The preferred method of fabricating the device of the invention
will be described with reference to FIGS. 1-5. A semiconductor
wafer 10, such as N-type silicon, is formed in the shape of a disc
approximately 0.004 to 0.010 inch thick with a diameter of
approximately 0.2 to 0.5 inch and having substantially parallel
opposed major faces. Such discs may be produced by any conventional
method. By suitable conventional etching procedures, a circular
trench or moat 11 is formed in the top major face of the wafer 10.
The trench 11 forms an isolated mesa 12 centrally disposed on the
top surface of the wafer 10. The entire surface of the wafer 10 is
then oxidized to form an oxide coating 15 of approximately 1,000 to
10,000 angstroms thick.
By suitable conventional photomasking and etching techniques the
oxide layer 15 is stripped from all surfaces of the wafer 10 except
that portion 12 of the top surface isolated by the circular trench
11 and the surface of the trench 11 as illustrated in FIG. 3. A PN
junction 13 is then formed within the wafer of the disc by
diffusing P-type conductivity determining impurities into all
exposed surfaces of the disc. It will be observed that the oxide
mask 15 overlying the central portion 12 and the trench 11 prevents
the diffusion of P-type conductivity determining impurities into
the surface protected by the mask. Accordingly, the PN junction
terminates and intersects the surface of the disc only at the edge
of the trench as illustrated in FIG. 4.
By suitable masking and etching techniques that portion of the
oxide layer 15 overlying the trenches is removed to expose trenches
11 and the trench refilled with a glass slurry. The glass slurry is
then fused by conventional means to form a passivating glass ring
30 as shown in FIG. 5 by conventional glass passivation techniques.
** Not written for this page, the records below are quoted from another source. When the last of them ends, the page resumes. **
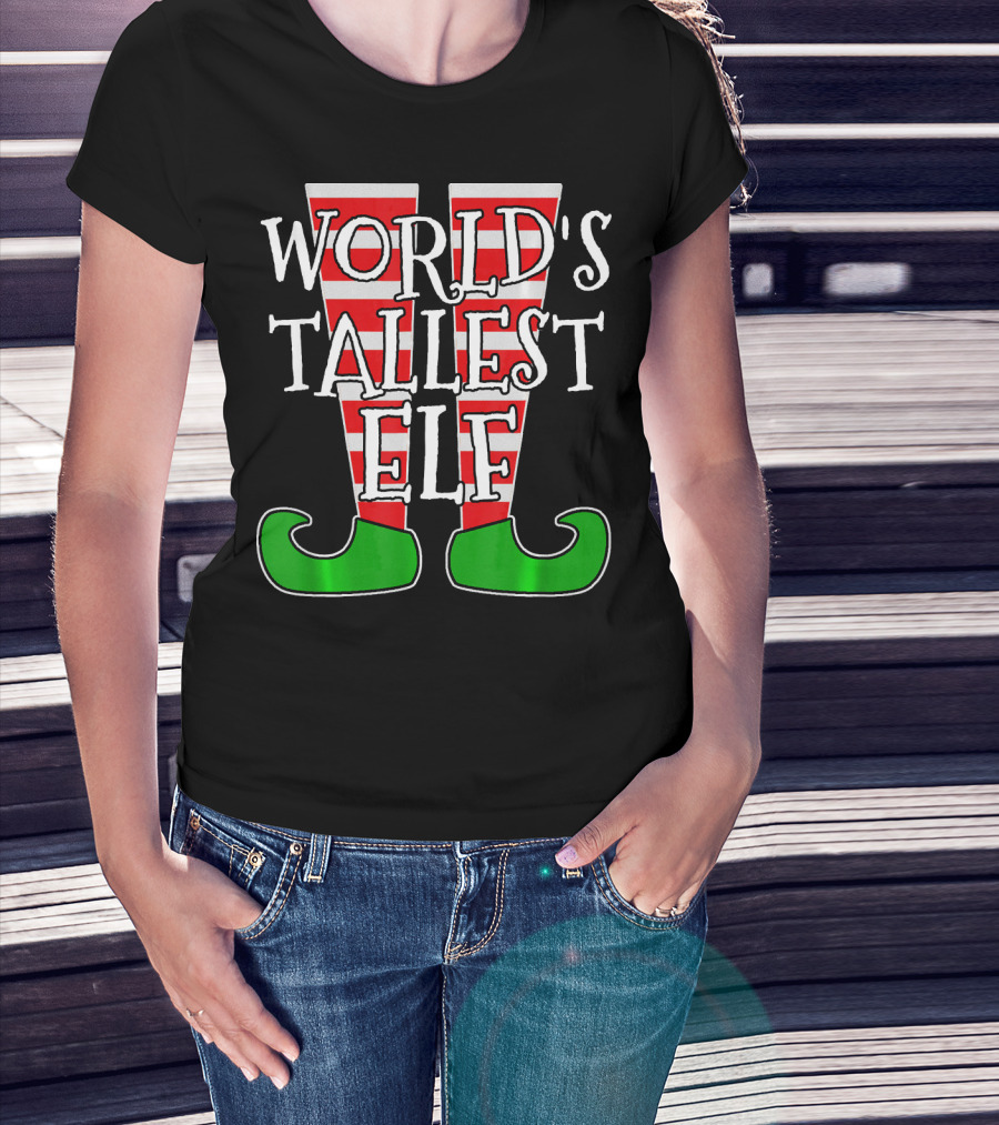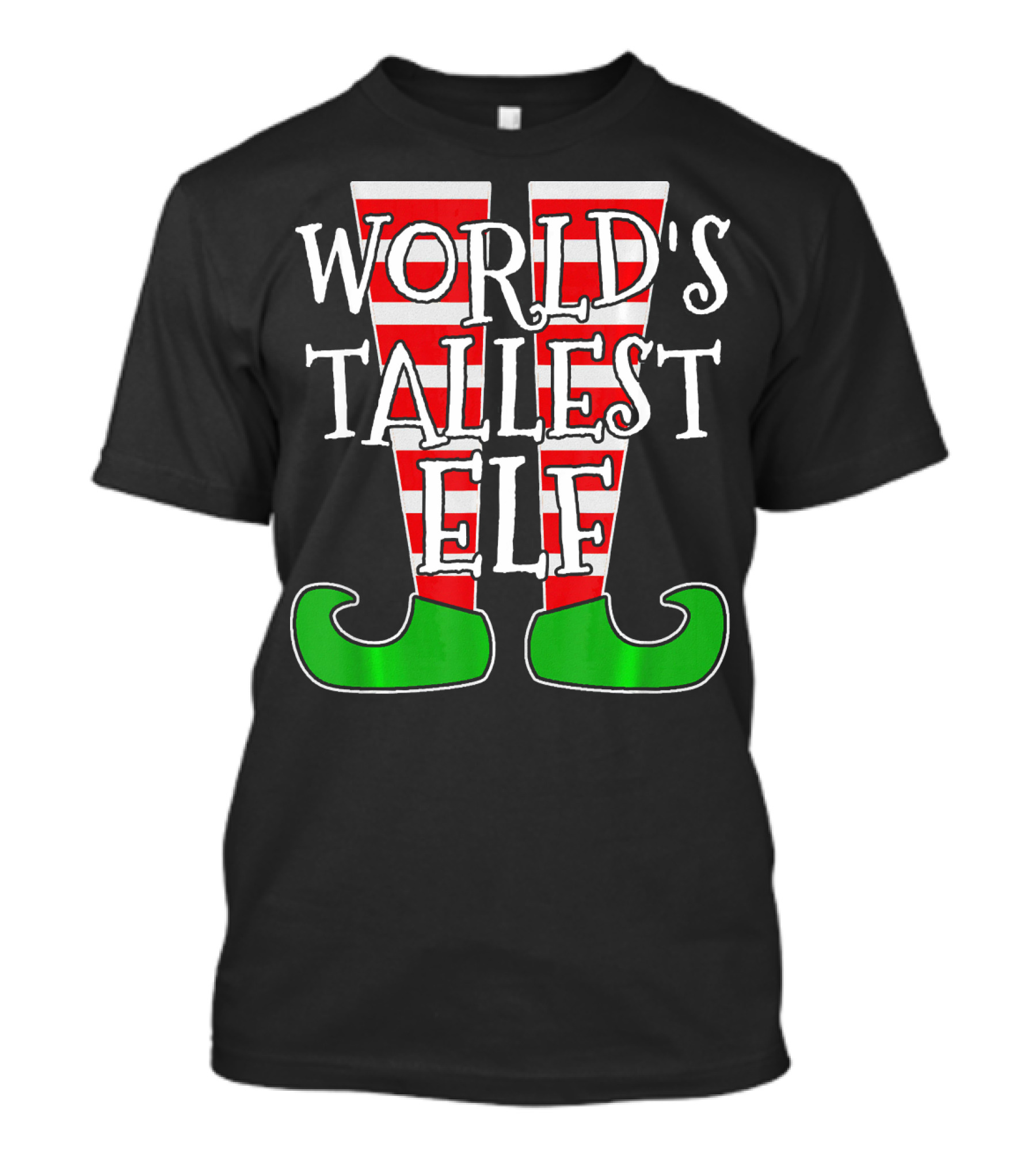 The WORLD'S TALLEST ELF STRIPED LEGS WITH GREEN SHOES HOLIDAY HUMOR T-shirt is designed for everyday wear and a consistent fit. Fabric is pre-shrunk ring-spun cotton with durable stitching. See the size chart below for exact measurements.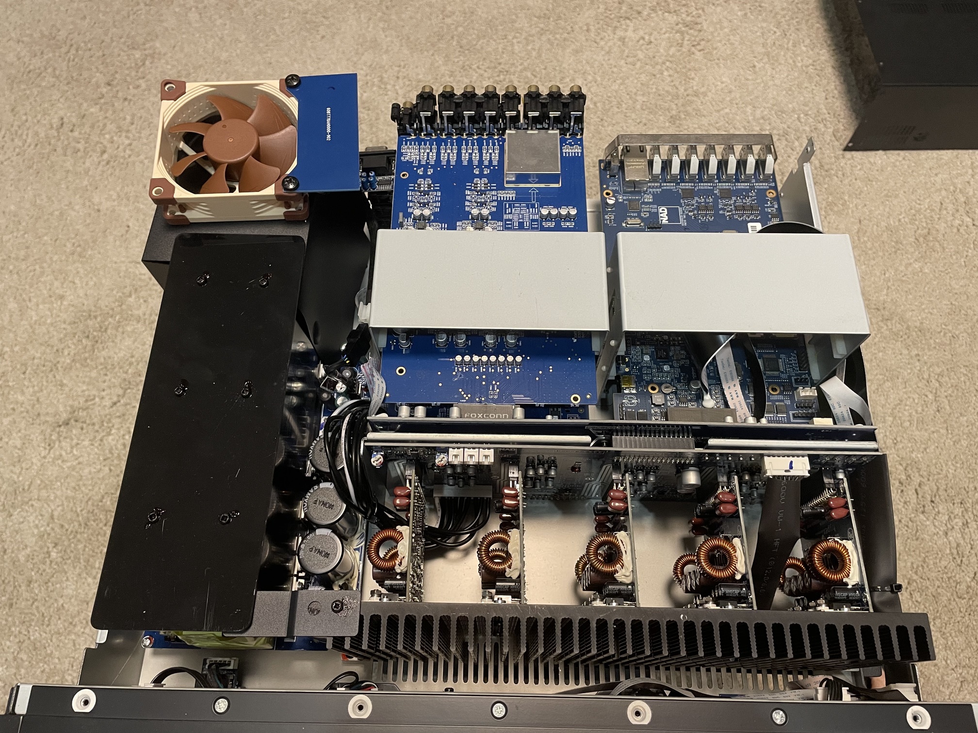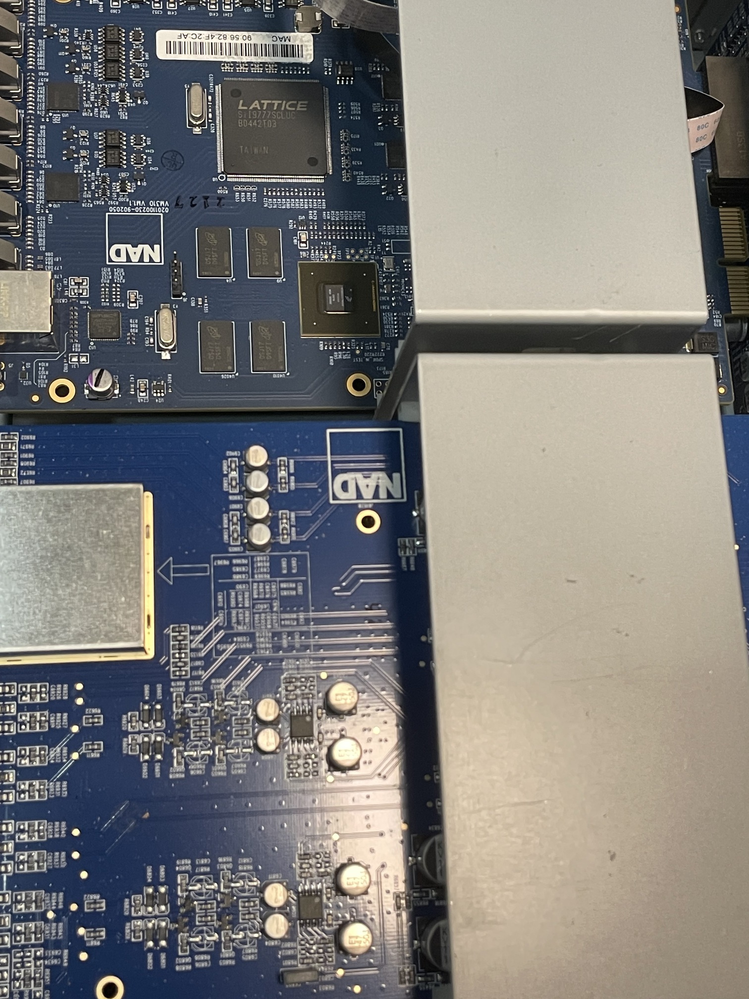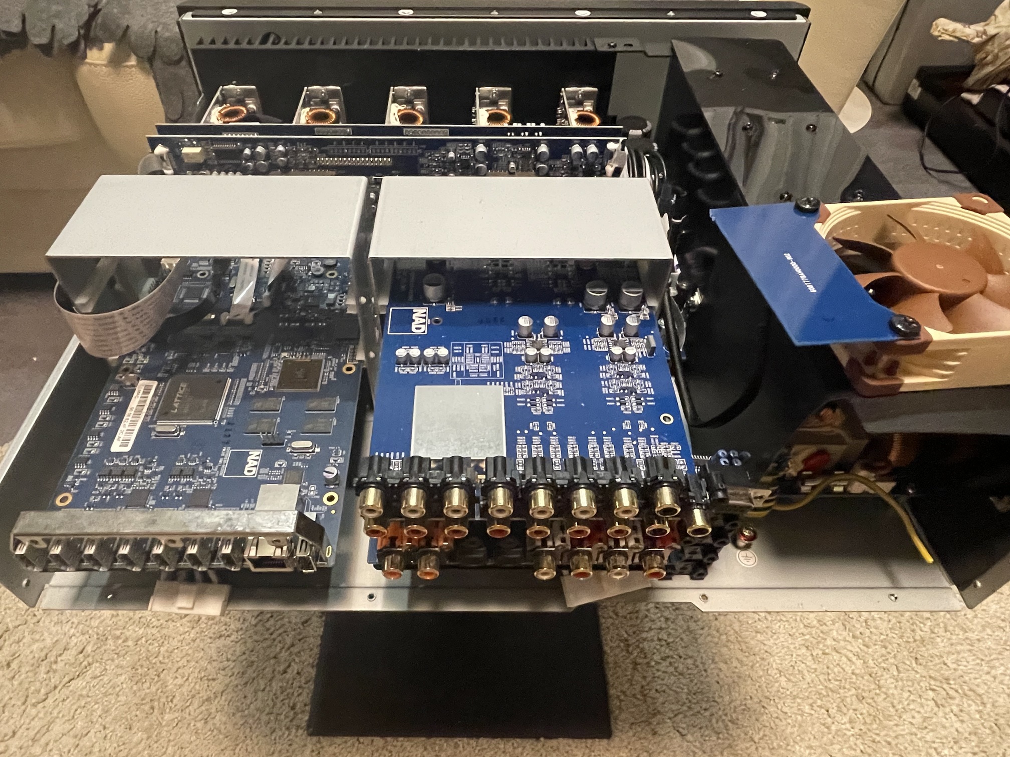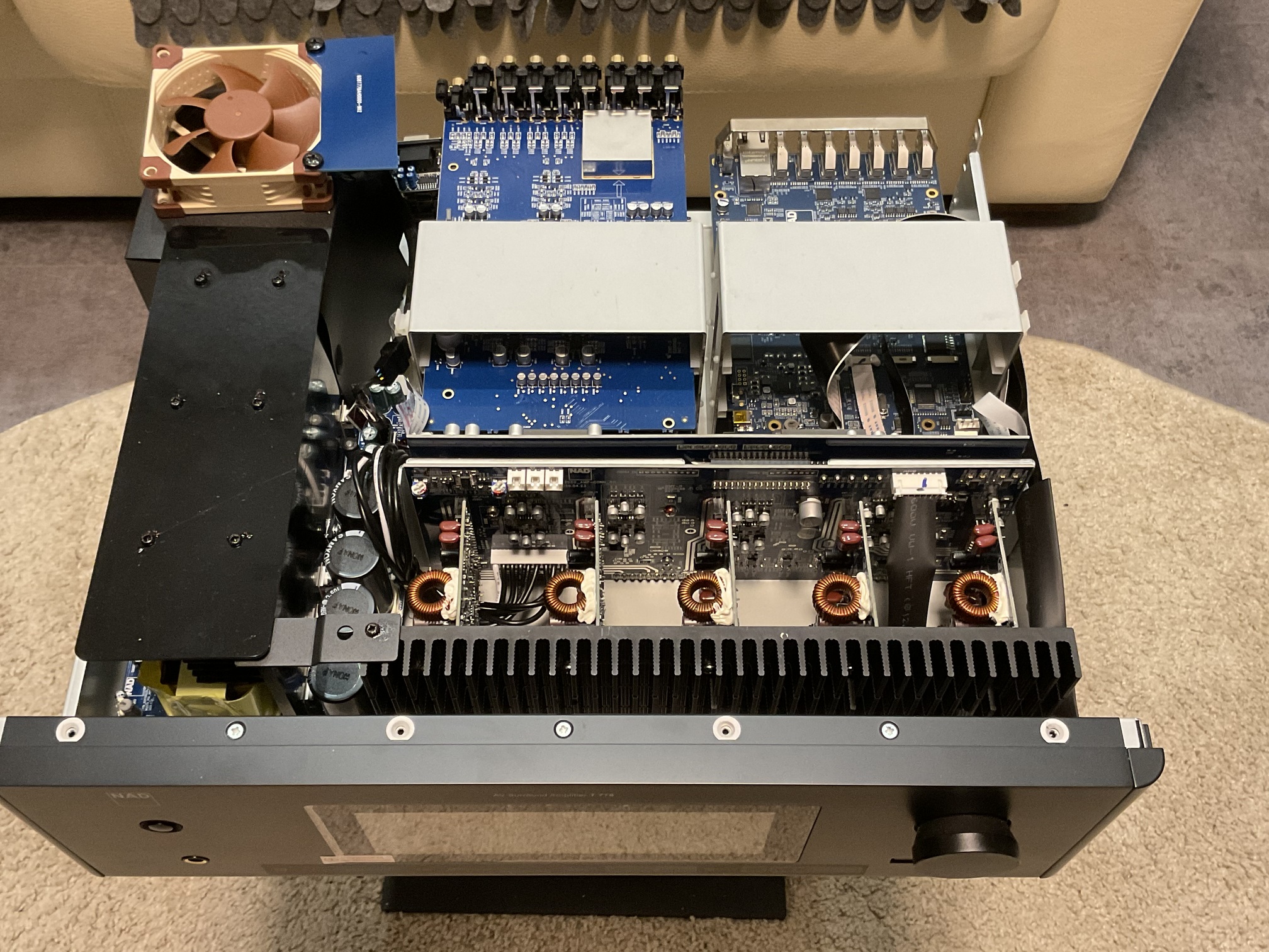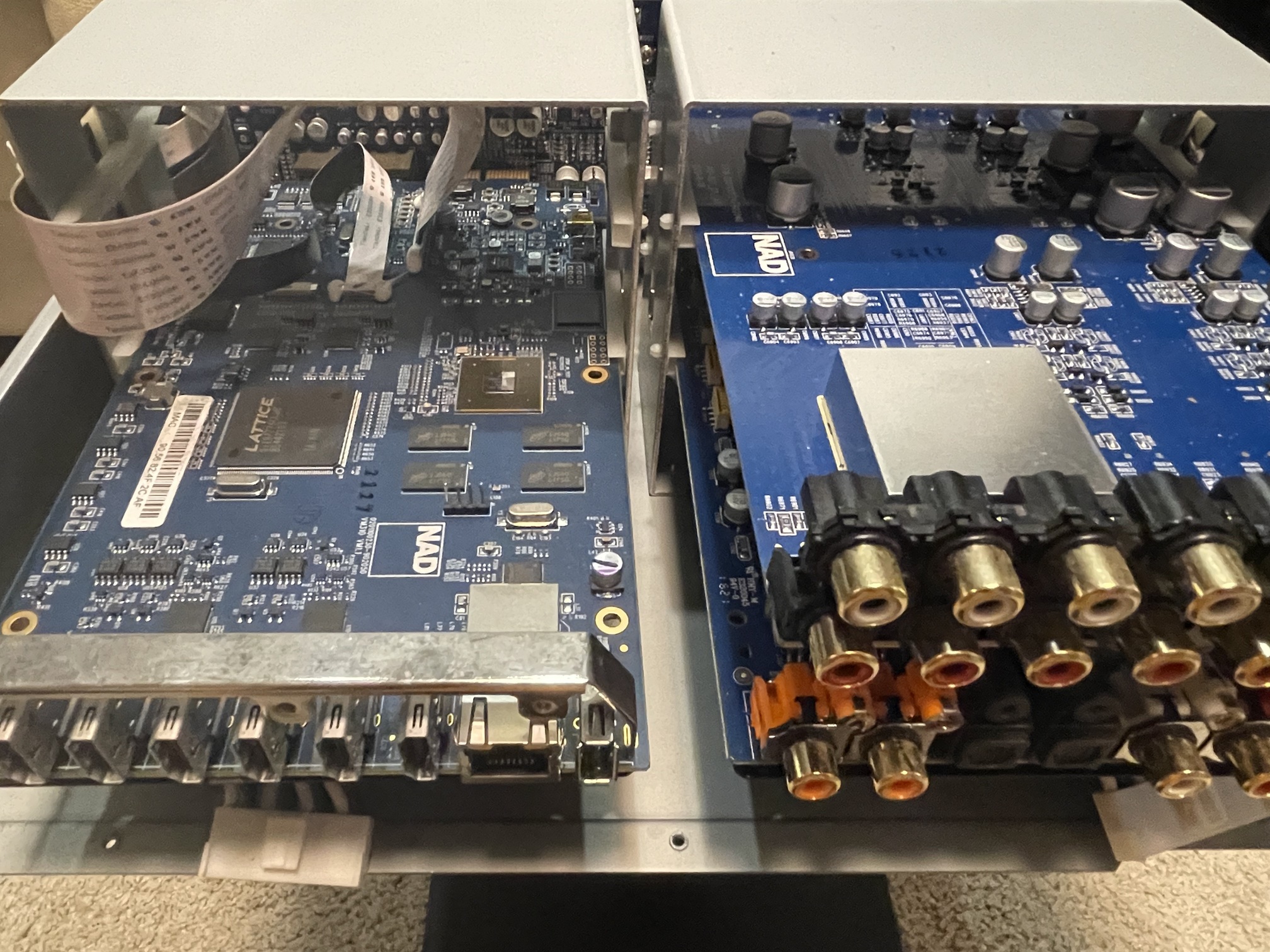 Если кому интересно, нутро AV ресивера NAD T778. Сегодня мастер был, заменил инлет. Штатный инлет, конечно, полное фуфло. Ни один приличный кабель не держался. Некоторые просто вываливались.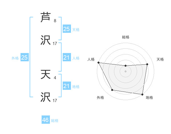 芦沢 天沢さんを姓名の画数から五運を鑑定

Any conventional glass composition suitable for passivation of the
junction may be used. For insuring effective shielding of radiation
from the isotope source, the passivating glass is preferably of
relatively high heavy metal concentration.
A suitable radioactive source, such as .sup.63 Ni is then deposited
onto all exposed surfaces of the disc 10 to form a thin coating of
the source material. Since the passivated junction is protected by
the glass passivating ring 30 the isotope source is deposited only
on the semiconductor surface plane but not at the junction. The
isotope may be deposited by any suitable conventional method, such
as by plating, evaporation or the like. The method used, of course,
may vary with the choice of semiconductor material and radioactive
isotope. For example, .sup.63 Ni may be conveniently electrolessly
plated on silicon.
After deposition of the isotope the entire surface of the disc is
coated with an encapsulation material, preferably a heavy metal
such as nickel. Nickel may be deposited on the entire surface by
conventional techniques, thus forming a conductive coating 35
covering the central portion 12 and all of the portion of the
surface of the disc previously coated with the radioactive isotope.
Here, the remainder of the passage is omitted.